The baking industry hasn’t been quiet about the impact of Reeves’ changes – first outlined in the Autumn Budget. Leaders from across the baking industry made their concerns known warning that the additional costs could lead to job losses, fewer recruitment opportunities, less investment in a sector which literally feeds the nation, and business closures.

The increase in NI contributions were previously described as a “burden laid on industry” by Andrew Pyne, chief executive of the Federation of Bakers which represents the UK’s largest plant bakers. “This will ultimately impact opportunities for future investment and growth, reduce resilience, and impact the costs to consumers, making food price inflation an ongoing issue,” he added at the time.

Karen Dear, chief executive of the Craft Bakers Association, even warned of “job losses and, in some cases, business closures”.

Ripples are already appearing. A shrinking high street customer base, inflation, energy costs, and wage and National Insurance increases were the reasons given by the owners of The Crusty Cob which permanently shuttered its nine sites across Devon and Somerset earlier this month, resulting in the loss of more than 100 jobs. Cumbria’s Grange Bakery, which closed its four shops in February, said the “current economic climate has been very difficult for small independent businesses”.

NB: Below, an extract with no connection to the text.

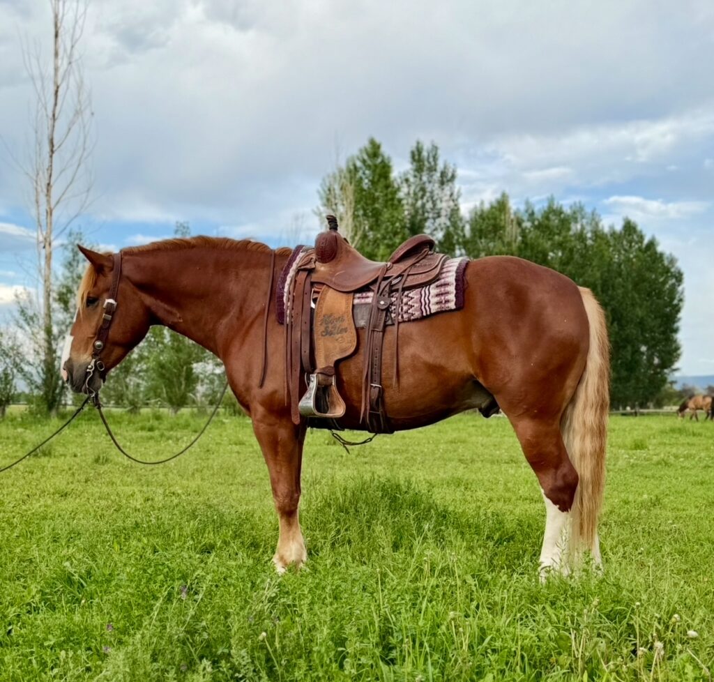 RMO Horses is offering this 2020 Draft Cross gelding, a striking sorrel with a beautiful flaxen mane and tail. He has the solid build, strength, and quiet temperament you’d expect from a quality draft cross. He’s the one that will handle any level of rider young or old, novice or experienced. This gelding is sure-footed and dependable on mountain trails, making him an excellent partner for trail riding and outdoor adventures. He handles water, rough terrain, and long rides confidently and takes good care of the rider on his back.  Experienced and will pack whatever you need on him. He has a calm, willing disposition, making him enjoyable to ride and handle. His sturdy draft cross build provides a comfortable ride and the strength to carry riders with ease. FMI call 801-361-6772.

Discussing the challenges and opportunities facing bakery business in 2025, Lesley Cameron, chief executive of Scottish Bakers, added that the increased payroll obligations would mean many bakeries would “struggle to assign funds for crucial investments”. “Upgrades to technology, such as automated production lines will be postponed, limiting both innovation and long-term competitiveness. Likewise, marketing budgets, expansion plans, and skills development programs will be cut or delayed,” she added. All this as the industry still struggles to find labour.

There are some green shoots though. Recognising that business confidence has plummeted, the Food & Drink Federation has unveiled a plan to unlock investment in innovation, boost productivity, and accelerate growth for food and drink manufacturing.